I’m keeping the implementation details light in this post to avoid going too technical, but the concept is simple. It’s like giving ChatGPT a personal notebook to review at the start of each session. This summary file should noticeably improve consistency. The AI will be less likely to contradict earlier conversations or ask for basic information again. It brings us closer to the kind of seamless, ongoing interaction that current memory systems are still trying to deliver.
Toward AI with True Long-Term Memory
Creating a memory profile summary is an intermediate fix, a bridge toward more sophisticated long-term memory in AI. In the future, I believe large language models will integrate much more robust memory systems. We might see architectures that can store and retrieve knowledge over indefinite time spans, or specialized memory components that work alongside the main model to recall facts about each user (with privacy controls, of course). The endgame is an AI that you don’t have to start from scratch with every time – one that can truly learn and evolve with you through every interaction.
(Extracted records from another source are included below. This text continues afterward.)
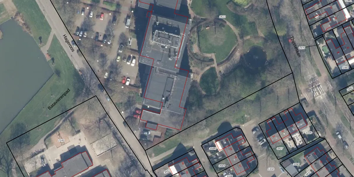 Het adres ligt op het perceel CLB00-K-2613, dat zich in de kadastrale gemeente Culemborg bevindt. De oppervlakte van het perceel is 1,1 ha. Dat is groter dan gemiddeld in Culemborg, waar de gemiddelde perceeloppervlakte op 2281,59 m² ligt. Het kleinste perceel in de kadastrale gemeente is 0 m² groot. De grootste perceeloppervlakte is 37,0 ha. Er zijn 127 adressen aanwezig op het perceel. In de Basisregistratie Kadaster (BRK) werden de grenzen van het perceel geregistreerd op 27-09-2005.
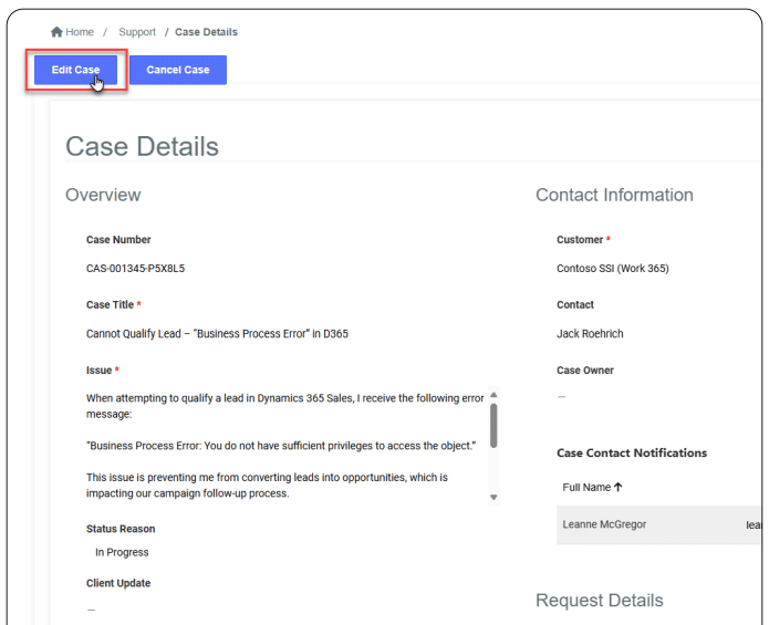• You can also select Add Contact Notifications to select other portal users from your organization to get updates on the case.
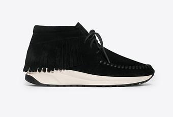 La marque parisienne a réussi à s’imposer comme une marque crédible sur le marché de la sneakers avec des sorties régulières de silhouettes d’une grande cohérence dans la lignée de leurs différentes collections. On découvre aujourd’hui deux nouvelles Native Run Mid habillées de leur traditionnelle frange inspirée des souliers amérindiens et rythmés d’imposantes coutures au niveau de la toe box. Cette paire offre une construction en suède déclinée ici en noire beige. La semelle fait le lien avec l’ADN streetwear de la marque avec une forme racée, volontairement athlétique qui tranche avec une empeigne élégante.
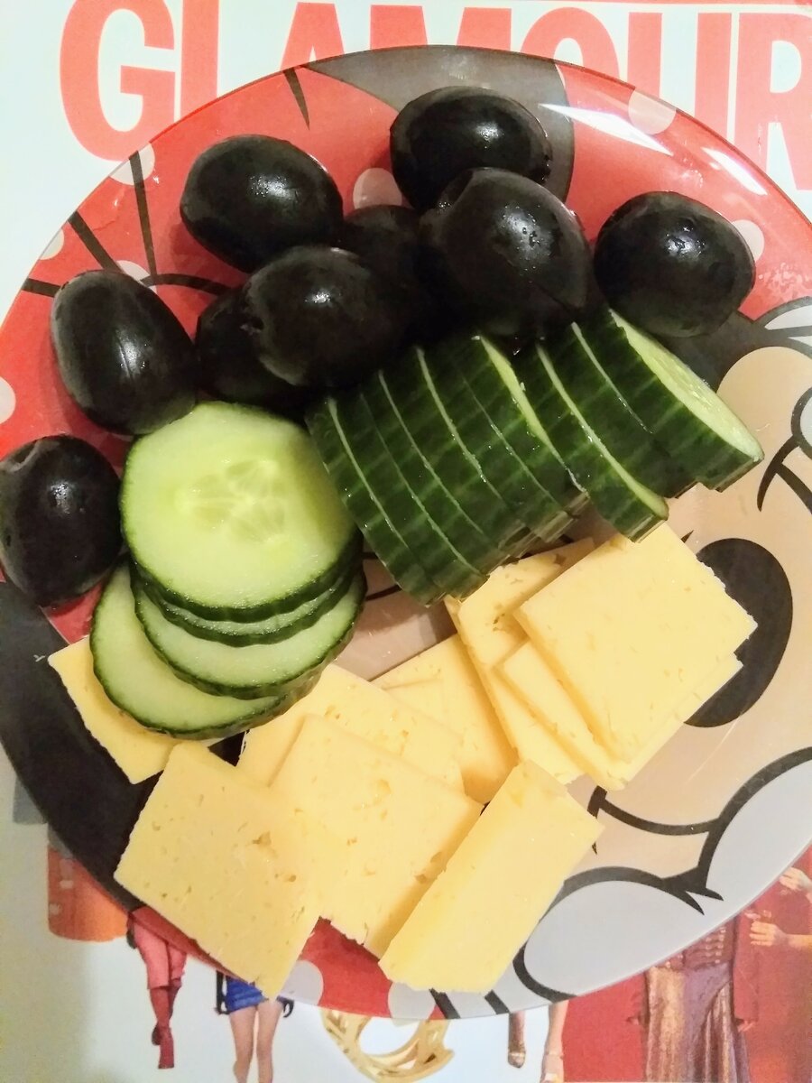 Вообще я стараюсь не есть за два-три часа до сна, учитывая то, что ужинаем мы ориентировочно в 19:00-19:30. Но иногда так и тянет что-нибудь перекусить. Из-за того, что тщательно контролирую съеденные калории, приходится потрудиться и найти именно то, что будет и сытно, и безопасно:) Почитав достаточное количество советов от диетологов, нашла отличный способ перекуса или даже мегалегкого ужина для худеющих - это тарелка с нарезкой из сыра, консервированных черных оливок (конечно, можно и зеленые), а также свежих огурцов. Объясняю почему: 1) Оливки, как всем уже известно, - это кладезь здоровья. В них содержатся витамины A, E, C, K, PP, группа витаминов B. В черных оливках есть антиоксиданты, которые способствуют выведению токсинов и продлевают молодость; 2) Сыр мягких сортов (совсем немножко). Во-первых, он насыщает. Во-вторых, это источник кальция и незаменимых аминокислот; 3) Свежий огурец. В данном случае он выполняет освежающую функцию и, конечно, утоляет жажду. Еще его важным плюс
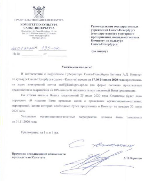 С оптимизацией чиновников решили, видимо, не спешить, а вот руководители учреждений культуры, находящиеся в подчинении комитета по культуре Санкт‑Петербурга, уже на следующий день получили «письмо счастья», в котором им было предложено в течение двух суток (до 17:00 24 июля) предоставить предложения по сокращению штатной численности организации на 10 %.
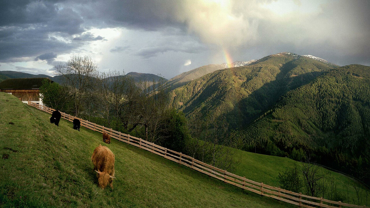 The Gruberhof with its flower-rich mountain meadows, the wood-fenced cattle pastures and the quaint forests, lies on sun-drenched Kreuznerberg at almost 1400m above sea level in the South Tyrolean community Lüsen. The locals call it "Gruiba". Because of its wonderful secluded location, far away from the noise of civilization, silence is our greatest asset.
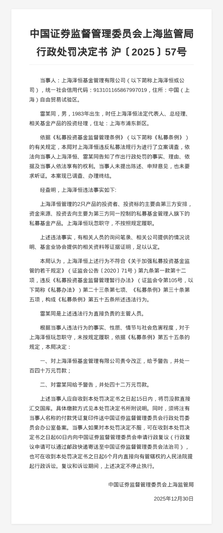 对此,中国证券监督管理委员会上海监管局决定对上海泽恒基金管理有限公司责令改正,给予警告,并处140万元罚款;对雷某同给予警告,并处42万元罚款。
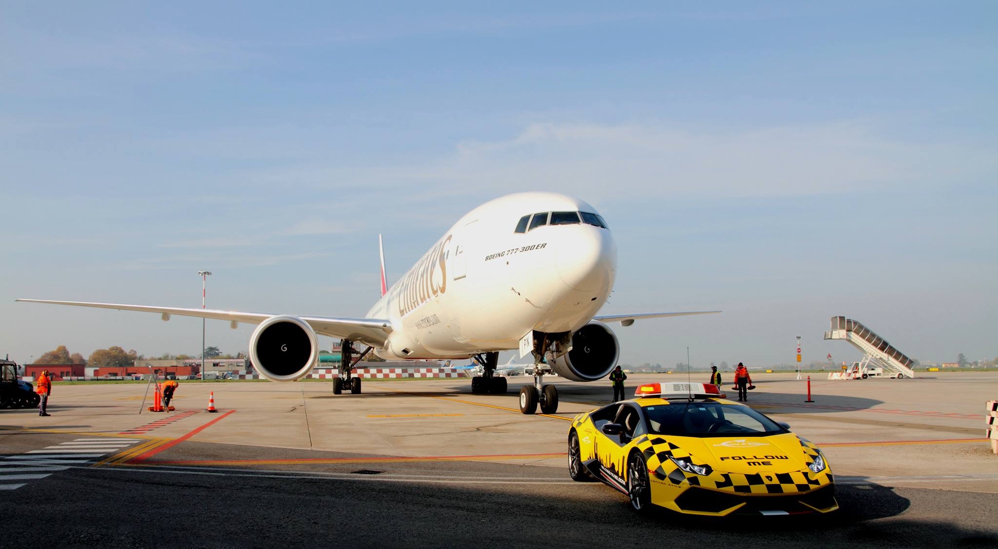 L’immagine e’ della pagina Facebook dell’aeroporto di Bologna e ritrae la Lamborghini Huracan follow me data in uso al suo aeroporto di casa fino al 15 gennaio 2017.
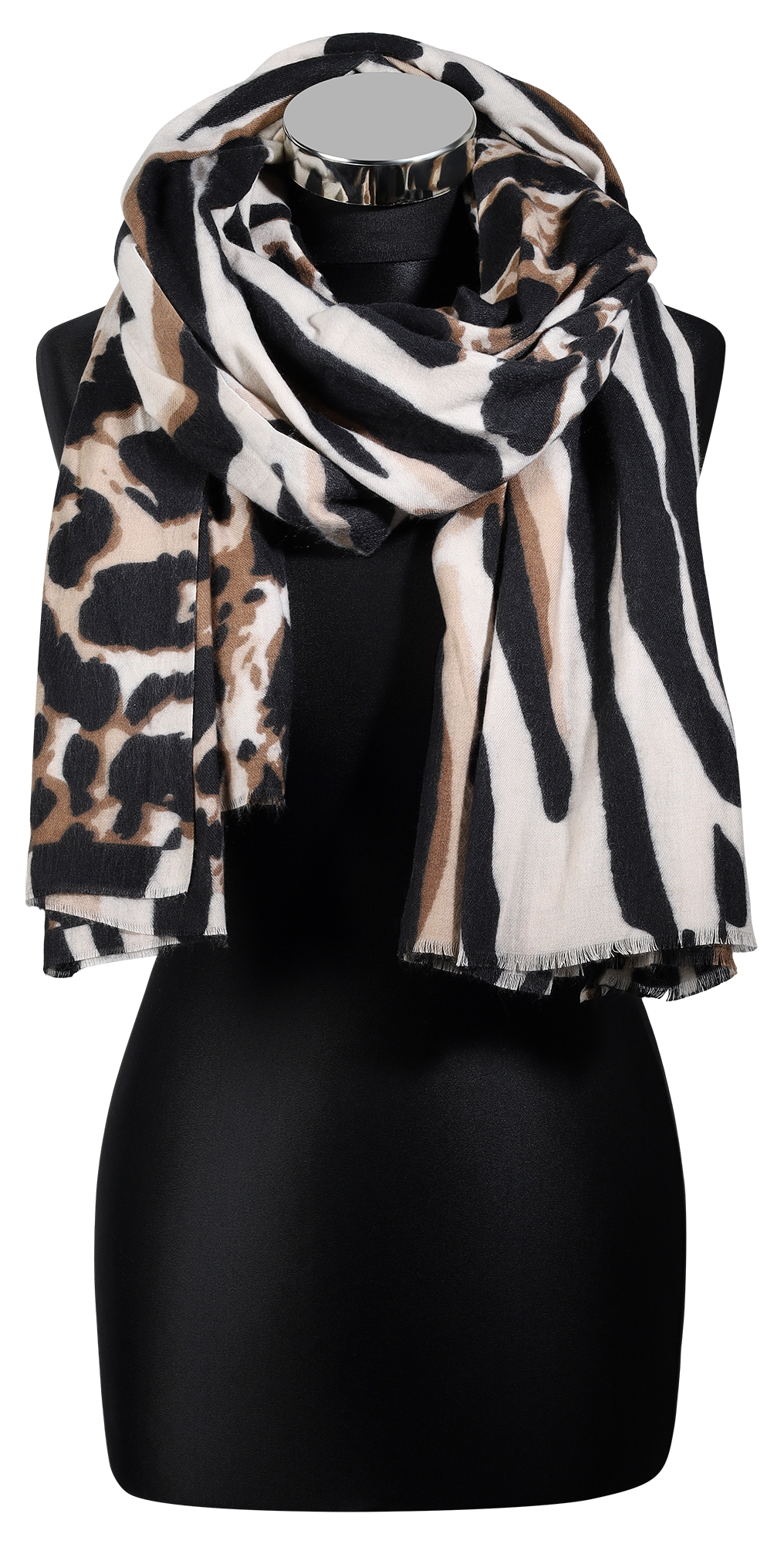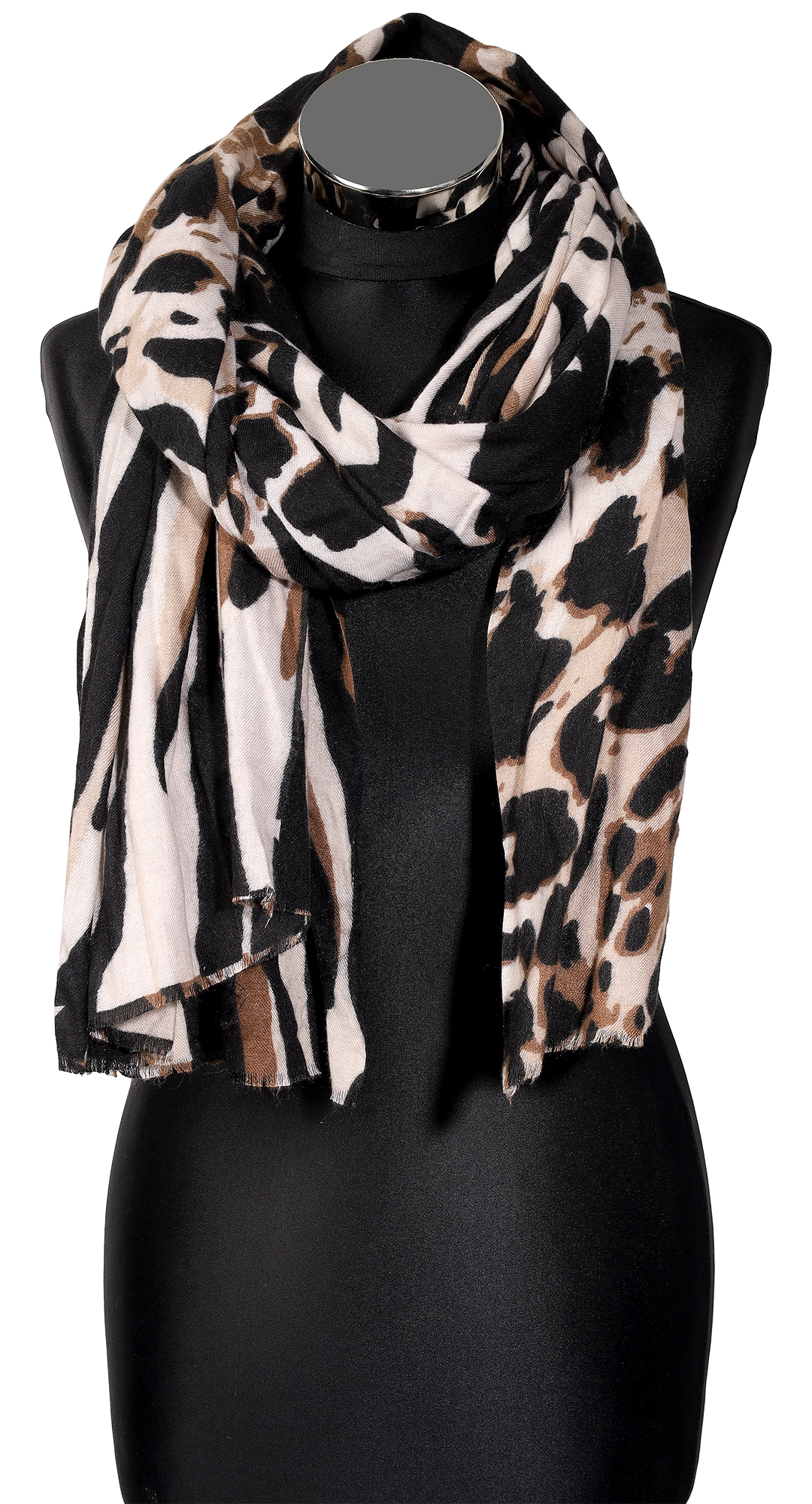 Produktinformationen "Winterschal Animal-Print schwarz/ beige , 100% Viskose, VE 4"
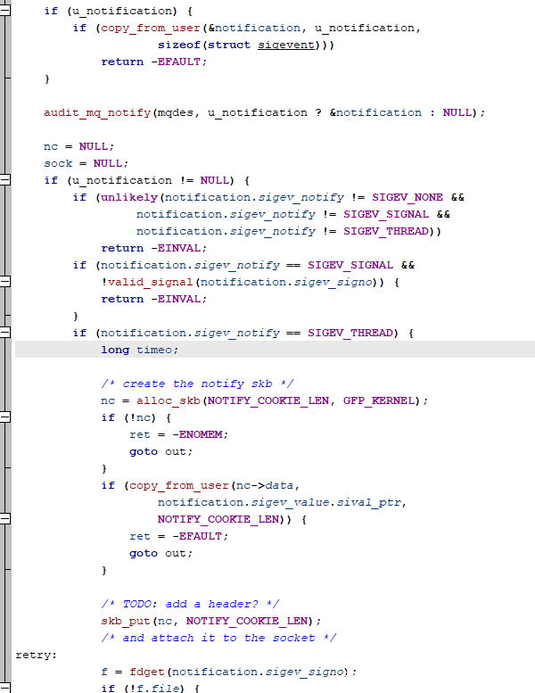 根据上面的补丁信息,先查看函数的执行流程,下图是经过删减的mq_notify函数。

To reach the level of meaningful interaction many users expect, AI needs memory that extends beyond a single session. No matter how advanced the model is, if it forgets everything you've said, the experience will always feel limited. Consistent chat profiles and long-term context are essential for depth and personalization. My project’s first step is the memory profile file. The next step will be expanding it into a broader system that can manage more context over time.
Eventually, I see this evolving into a full personal knowledge base that the AI can reference, not just summaries of chats but also documents, preferences, and relevant history, all under the user’s control. That kind of memory system is a larger challenge, but it's where this is headed.
Persistent memory is one of the key challenges in making AI systems more capable and reliable over time. This is the focus of the project I am working on. It involves building a structured, user-controlled memory layer that improves continuity across sessions. It is a step toward more useful and context-aware AI, and part of a broader effort to move these models closer to long-term, consistent interaction.